The film is set mainly at Ngwelezane Hospital in Empangeni, KwaZulu-Natal and features doctors from diverse backgrounds working in different disciplines, namely the emergency, paediatric, trauma and surgery units.

Viewers will see what doctors see on a daily basis – gunshot wounds, stabbings, near drownings and trauma caused by road crashes – and how doctors manage to stay awake and alert throughout their shifts.

The documentary has also been entered into several international film festivals, including the Public Health Film Festival in the UK and the Denver Film Festival in the US.

Filmmaker Francois Wahl is a chartered accountant by trade and is married to a doctor. This inspired him to commence filming in May last year.

The doctors featured helped crowd-fund the project, which Wahl produced and directed.

“Junior doctors must be insane to work under the conditions they do,” he said, referring to the name of the documentary.

“I was inspired to tell the story after experiencing almost first-hand what these young doctors went through.

“My father, wife, brother and many of my friends are in the health-care profession and let me tell you, the effects of sleep deprivation and the hostile environment they have to work in have damaging repercussions – and it is this that I wanted to bring home to the viewer.”

The film features Dr Saishrien Rasen in the surgery unit, Dr Yenziwe Ngema in orthopaedics, Dr Wanele Ganya in paediatrics, Dr Amy Salvesen in emergency medicines and Dr Lourens Wahl in casualty.

“With very little director’s influence from my side as I wanted to produce an unadulterated film, showing things the way they truly are.

“The main focus was to show the race against time for these doctors and how working 30-hour shifts impacts their mood, performance, stress and anxiety levels and personal safety,” he said.

The doctors were willing to participate in the documentary because they wanted to not only lead the charge in addressing the long working hours, “but to also shed light on the psychology behind the plight of junior doctors, and to bring to the fore other issues that too need to be addressed, such as the shortage of medical personnel and the HIV dangers they face”.

The documentary also drew the interest of Pharma Dynamics, a Cape Town-based generic pharmaceutical firm, who with the support from the SA Medical Association (Sama), the KwaZulu-Natal Film Commission, funded the film.

Pharma Dynamics spokeswoman Mariska van Aswegen described junior doctors as the “hard-working backbone and future of South Africa’s health-care system and more should be done to ensure safer working conditions”.

“With each passing year, junior doctors are given more responsibility. Working long and anti-social hours causes physical, mental and emotional exhaustion, which often puts doctors (and their patients) in perilous situations.
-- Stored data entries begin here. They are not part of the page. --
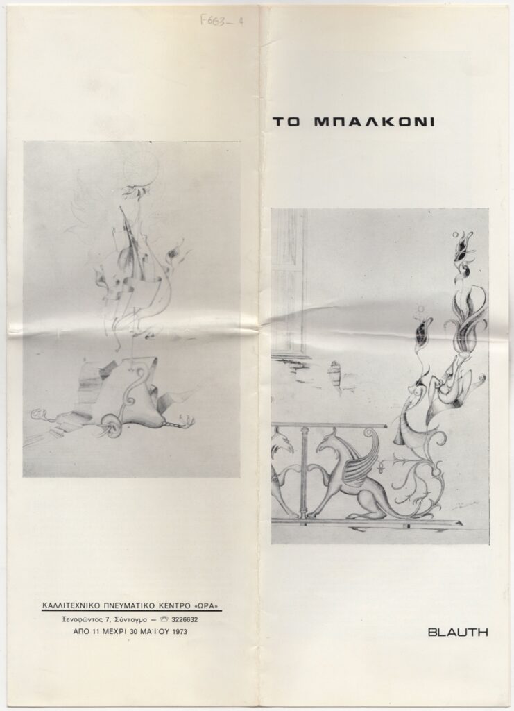 Έντυπο, χαρτί ιλλουστρασιόν δίπτυχο, 35×12,5 εκ., στα ελληνικά, ατομικής έκθεσης ζωγραφικής του Χέρμαν Μπλάουτ. Περιέχει σύντομο βιογραφικό σημείωμα, κείμενα των Κ. Μεραναίου, Ελ. Κυπραίου, Στέλιου Λυδάκη για το έργο του και εικονογράφηση.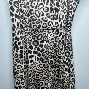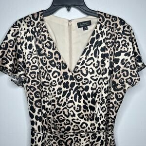 Tahari Arthur S. Levine Animal Print Dress Sz 14 Faux Wrap V-Neck Flutter Sleeve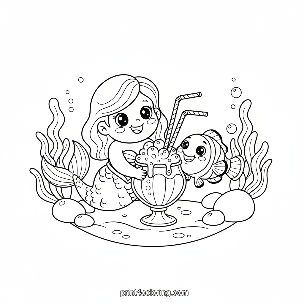 Dive into a delightful underwater scene! A friendly mermaid and her happy clownfish pal are enjoying a giant, bubbly milkshake with extra-long straws. Gentle seaweed sways, creating a cozy and sweet moment. Grab your colors and bring this magical ocean party to life!
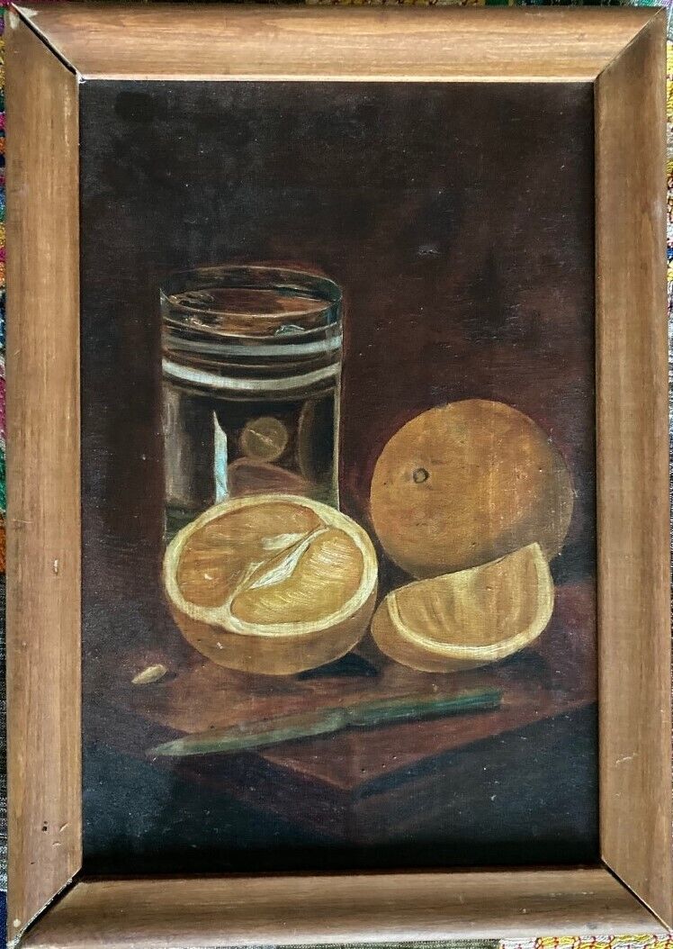 Good Small Antique Oil On Canvas Primitive StillLife With Oranges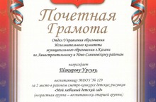 Отдел Управления образования Исполнительного комитета муниципального образования г.Казани по Авиастроительному и Ново-Савинововскому районам награждает Шакирову Урсулу,воспитанницу МАДОУ №129 за 2 место в районном смотре-конкурсе детских рисунков "Мой любимый детский сад" (возрастная группа-воспитанники старшей группы).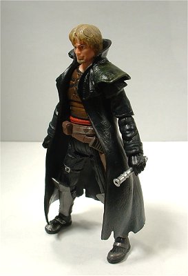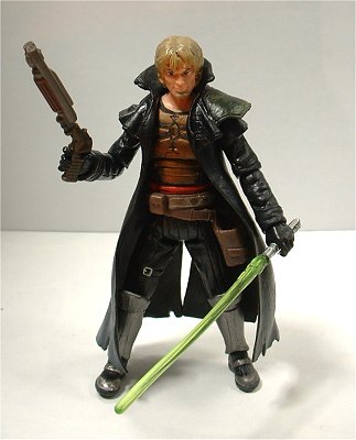 アクセサリーとして愛用のライトセーバー(起動時と柄のみの2種)とローク・チョップ・スペシャルと呼ばれるショットガンに似た形状のブラスターが付属。ちなみにコートの胴部は別パーツなので脱がすことができる。コミックでは腕にタトゥーがあることになっている。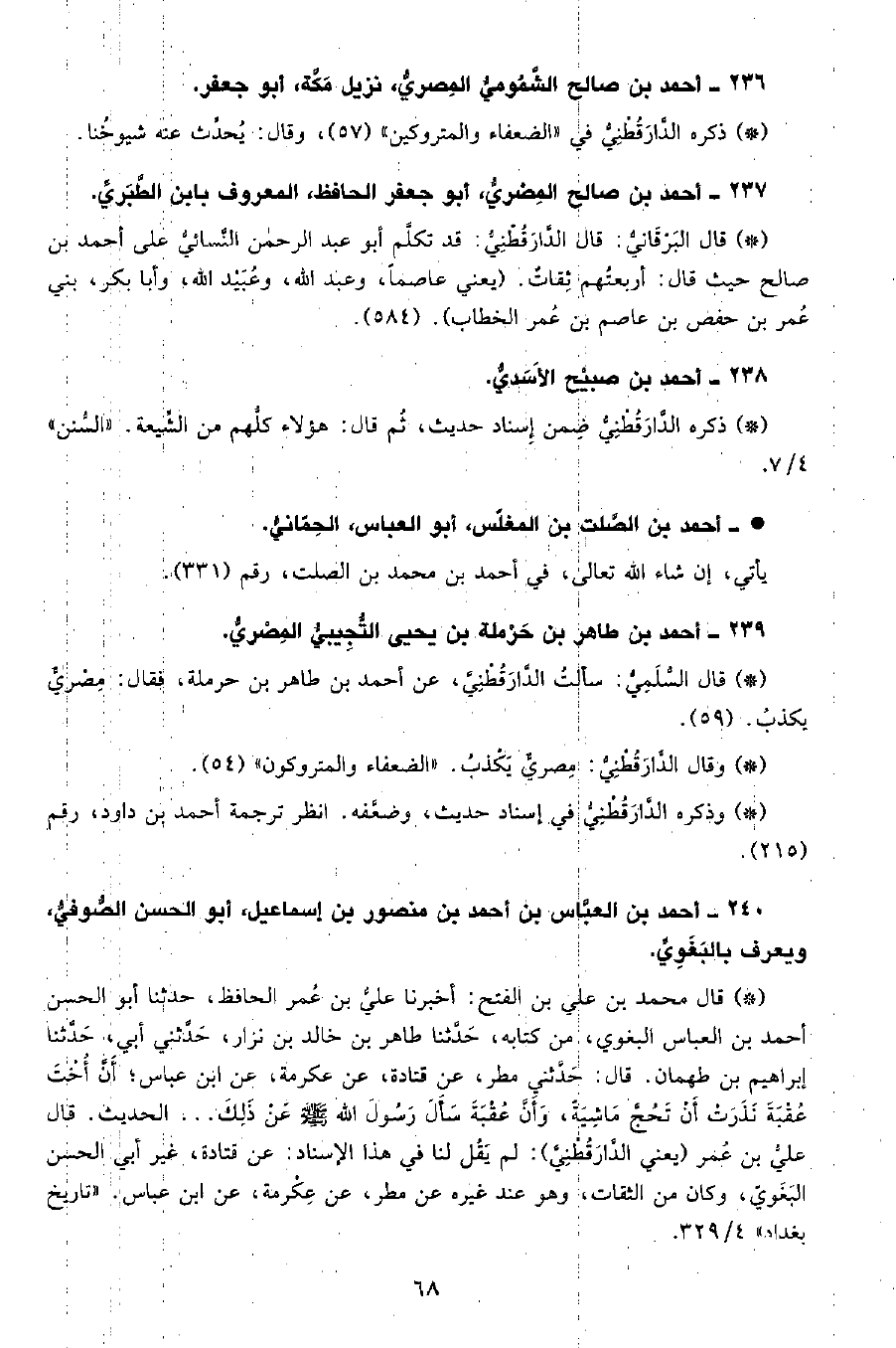• قال السلمي: سألت الدَّارَقُطْنِيّ، عن أحمد بن طاهر بن حرملة، فقال: مصري يكذب. (59) .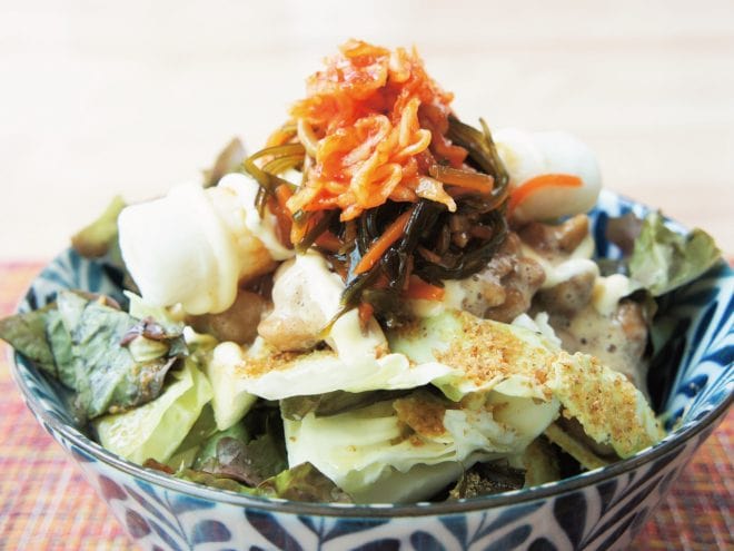 納豆(丹念納豆)、キャベツ、レタス、ちくわ、ハリハリキムチ、松前漬け、マヨネーズ、ポン酢、すりごま、オリーブオイル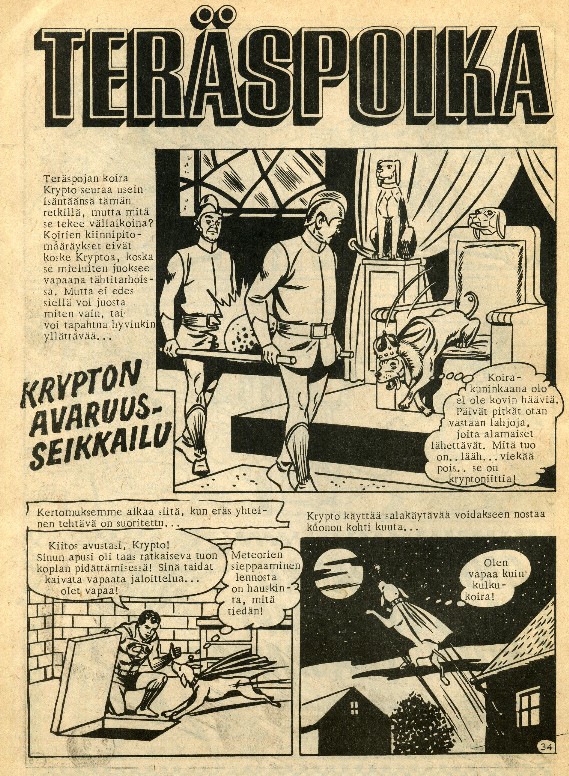 Tarina: Teräspoika: Poika Kryptonilta Sivuja: 12 s. Kirjoittaja: Otto Binder Piirtäjä: Curt Swan Tussaaja: Stan Kaye Originaali: Superboy: The Kid from Krypton Adventure Comics 242 (Nov 1957)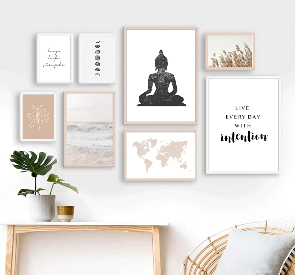 ESTE SET INCLUYE: LÁMINA IMPRESA EN PAPEL DE ALTO GRAMAJE, MARCO TIPO CAJÓN DE MADERA MARUPÁ, VIDRIO DE 2MM Y ACCESORIOS PARA COLGAR.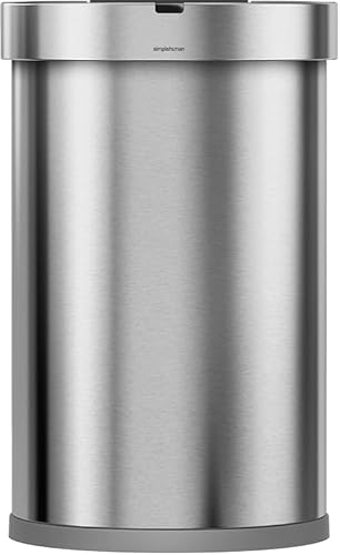 simplehuman 45 Liter / 12 Gallon Stainless Steel Semi-Round Sensor Can, Touchless Automatic Trash Can, Brushed Stainless Steel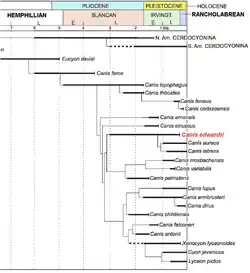 Xiaoming Wang et Richard H. Tedford ont postulé que le genre Canis était le descendant d'Eucyon davisi, qui ressemblait au coyote et dont les restes sont apparus pour la première fois au Miocène (6 millions d'années AP) dans le sud-ouest des États-Unis et au Mexique. Au Pliocène (5 millions d'années AP), le plus grand Canis lepophagus est apparu dans la même région tandis que le coyote (Canis latrans) existait à partir du Pléistocène inférieur (1 million d'années AP). Ils proposèrent que la progression de l'Eucyon davisi à C. lepophagus jusqu'au coyote soit une évolution linéaire. De plus, C. edwardii, C. latrans et C. aureus forment ensemble un petit clade[Information douteuse] et parce que C. edwardii est apparu le plus tôt, s'étendant du milieu du Blancan (fin du Pliocène) jusqu'à la fin de l'Irvingtonien (Pléistocène supérieur), ce dernier est proposé comme ancêtre[3].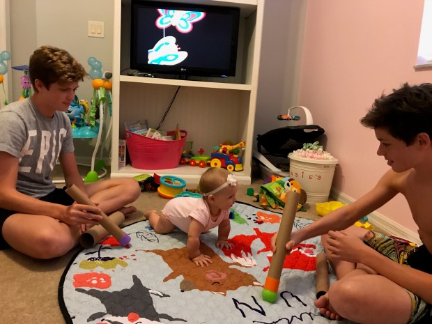 We had to do a lot of distracting today so that KB would take a chill pill. It started with a morning family walk, but it didn’t last long since it felt like it was about 300 degrees out today!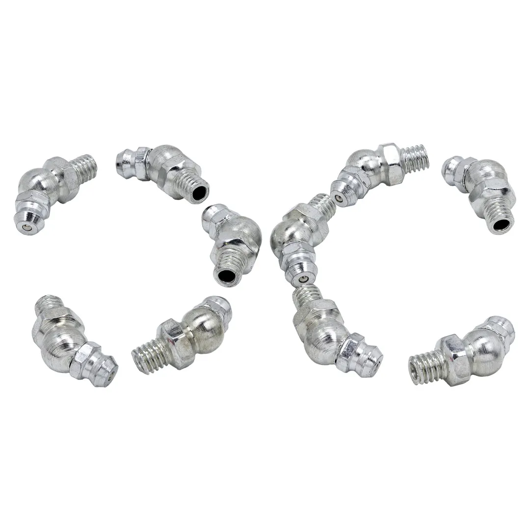 Набор из 10 пресс-масленок угловых — это универсальное приспособление, предназначенное для быстрого и эффективного выполнения смазки узлов различной техники. Работает пресс-масленка как обратный клапан: внутри ее металлического корпуса имеется специальный стальной шарик, который поджимается там при помощи пружины. Поставляется в комплекте из 10 шт. Угол наклона 45 градусов, размер каждой - 6 мм.Преимущества работы с нами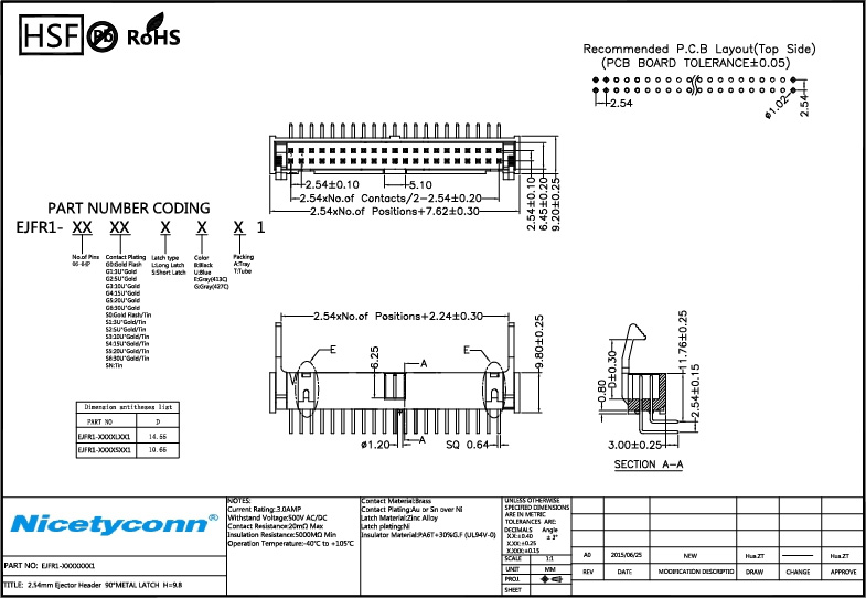 1. 2.54 mm Pitch SMT Metal Latch Ejector Header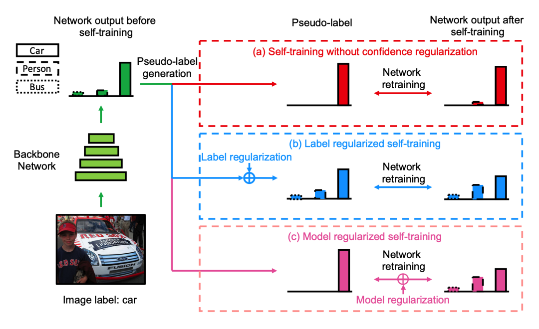 当然也可以将软标签与伪标签同时使用,如下图的思路。在图中照片的原始标签为car,但照片还有person的类别,如果直接使用硬标签进行训练,会带来一定的模型噪音。
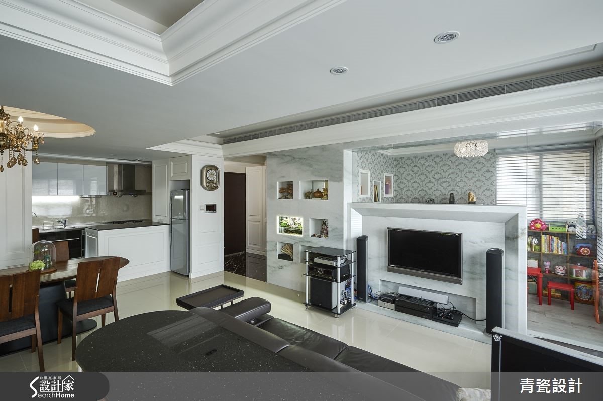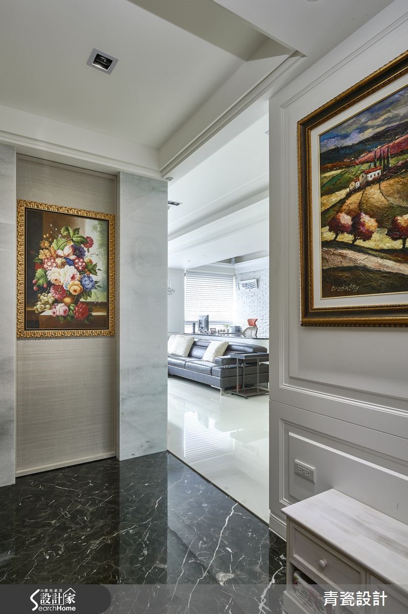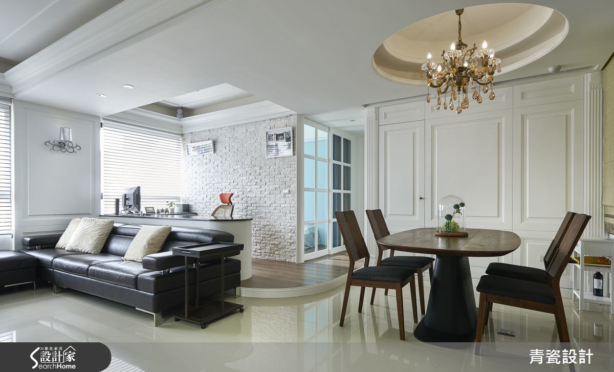 由于男主人有过装修经验,原本打算自己设计居所,但爱太太的屋主,考虑到学音乐的女主人。因此请来设计师,以太太钟爱的优雅美式风和华丽新古典交织,为一家三口打造幸福居所。【玉石铺陈电视墙,吸人眼球】铺设黑白根大理石的独立玄关,一开始即为进门的客人演奏优美的前奏曲。玄黑色石面地板浮现缕缕细致银丝,并在结合古典线板的墙面,挂上俄国艺术家 Brodinsky的画作,屋主的文艺气质不言而喻。设计师依照玄关的宽度,向内延伸储藏室和女屋主的琴房;另一边则为一家人主要的生活空间。客厅、餐厅、书房以开放设计串连,带来更开阔的视野。选用冰晶玉石铺陈电视墙,澄澈雪白的结晶闪耀着内敛光芒,并结合局部玻璃设计,将明亮采光引入琴房。客厅旁的圆顶灯座内以一盏古典水晶吊灯聚焦用餐区,与典雅的线板合奏华丽磅礡的主乐章。设计师将书房地面挪升,与定制的L型长桌界定出阅读区领域,宽阔而开放的空间,也能满足屋主的工作需求。

“One can understand the anger and frustration felt by many junior doctors at this time and hopefully the film will encourage other legislatures to follow in the footsteps of the Western Cape's recent decision to reduce the working hours of health-care professionals in the province from 30-hour shifts to 24-hour calls,” she said.

Doctors’ long working hours came under the spotlight after the death of a Cape Town medical intern, Ilne Markwat, in a car crash in June.

She hit a barrier before hitting two other cars on the N1 after a 26-hour shift at Paarl Hospital.

The provincial Department of Health has since reduced the doctor shifts from 30 hours to 24 hours, while the HPCSA has also limited shifts to reduced the hours to 26 hours.